===== MATERIAL FOR THIS EXERCISE

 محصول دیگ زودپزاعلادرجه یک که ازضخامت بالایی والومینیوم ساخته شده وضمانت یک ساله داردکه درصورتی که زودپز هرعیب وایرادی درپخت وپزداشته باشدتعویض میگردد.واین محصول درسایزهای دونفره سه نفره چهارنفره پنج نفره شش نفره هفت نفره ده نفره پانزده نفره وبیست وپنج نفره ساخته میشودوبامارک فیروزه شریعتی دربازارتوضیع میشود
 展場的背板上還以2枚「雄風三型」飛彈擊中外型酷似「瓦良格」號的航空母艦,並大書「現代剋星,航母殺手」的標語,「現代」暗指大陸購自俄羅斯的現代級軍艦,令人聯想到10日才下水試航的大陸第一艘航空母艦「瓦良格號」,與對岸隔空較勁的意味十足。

==========
===== MATERIAL FOR THIS EXERCISE

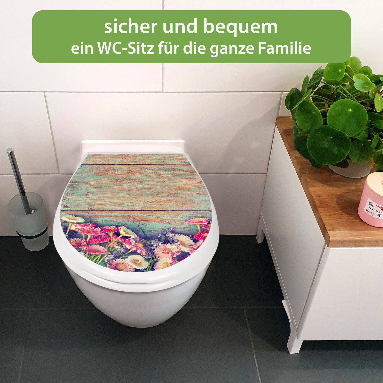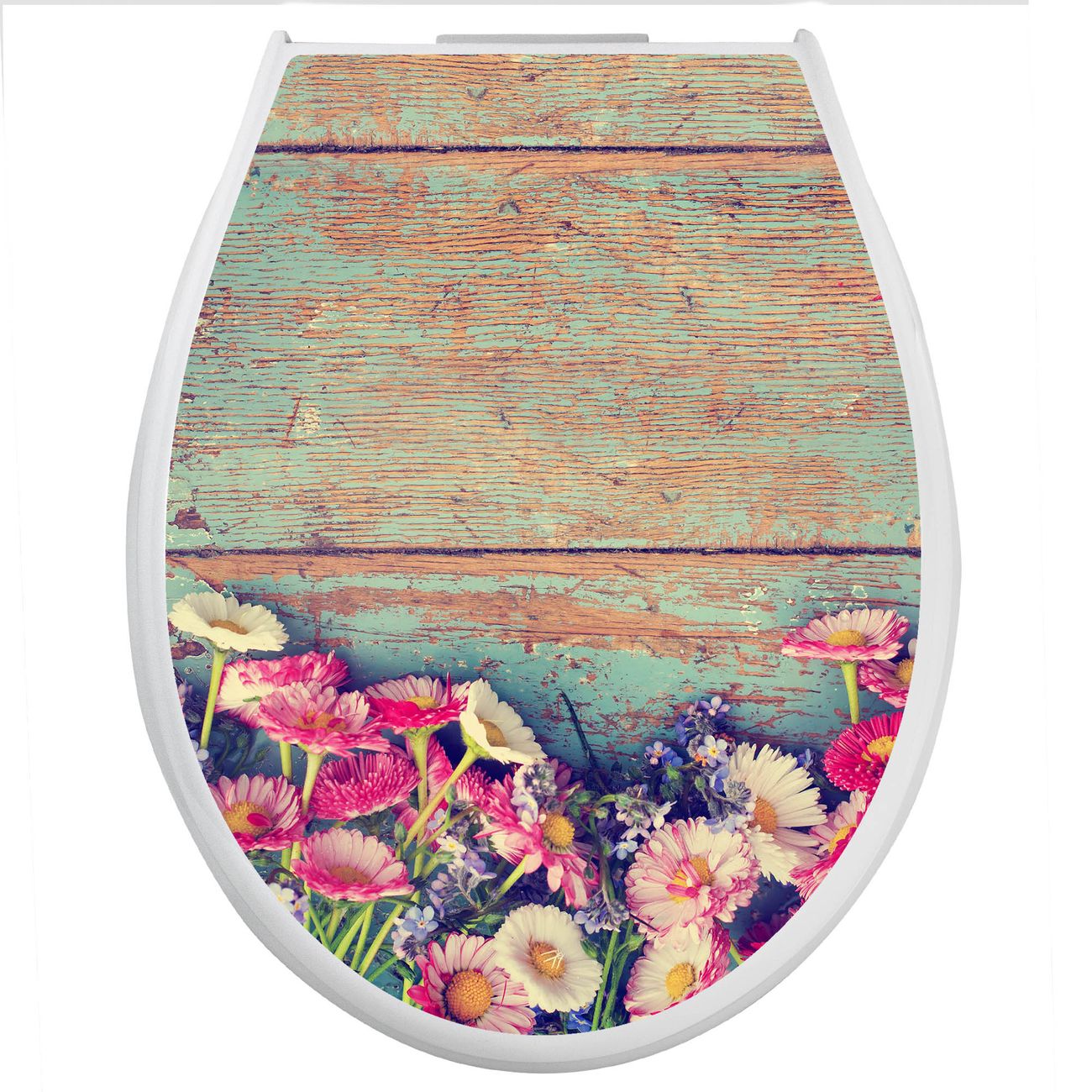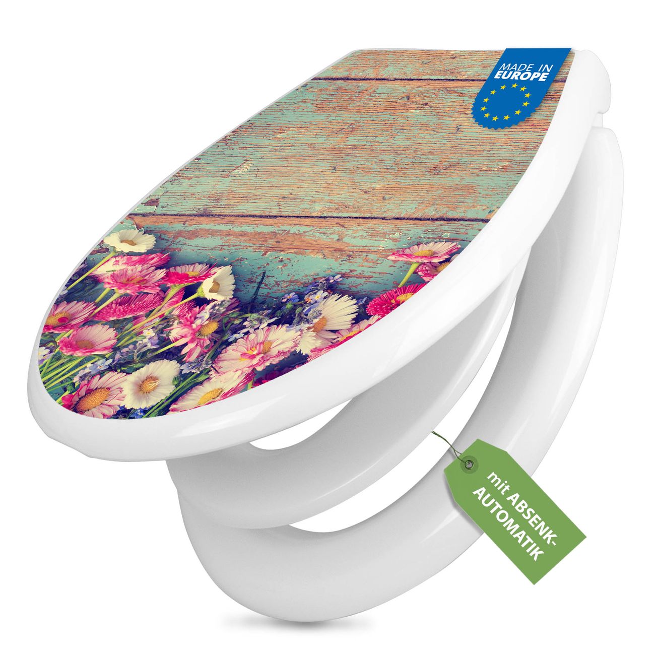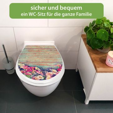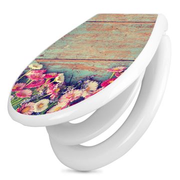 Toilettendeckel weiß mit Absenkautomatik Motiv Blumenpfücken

==========

▶ _WHAT IS REQUIRED_:
Transcribe the lines above between the line holding "محصول دیگ زودپزاعلادرجه" and the line holding "展場的背板上還以2枚「雄風三", inclusive, exactly as they stand and with nothing added.

▶ _EXPECTED ANSWER_:
 محصول دیگ زودپزاعلادرجه یک که ازضخامت بالایی والومینیوم ساخته شده وضمانت یک ساله داردکه درصورتی که زودپز هرعیب وایرادی درپخت وپزداشته باشدتعویض میگردد.واین محصول درسایزهای دونفره سه نفره چهارنفره پنج نفره شش نفره هفت نفره ده نفره پانزده نفره وبیست وپنج نفره ساخته میشودوبامارک فیروزه شریعتی دربازارتوضیع میشود
 展場的背板上還以2枚「雄風三型」飛彈擊中外型酷似「瓦良格」號的航空母艦,並大書「現代剋星,航母殺手」的標語,「現代」暗指大陸購自俄羅斯的現代級軍艦,令人聯想到10日才下水試航的大陸第一艘航空母艦「瓦良格號」,與對岸隔空較勁的意味十足。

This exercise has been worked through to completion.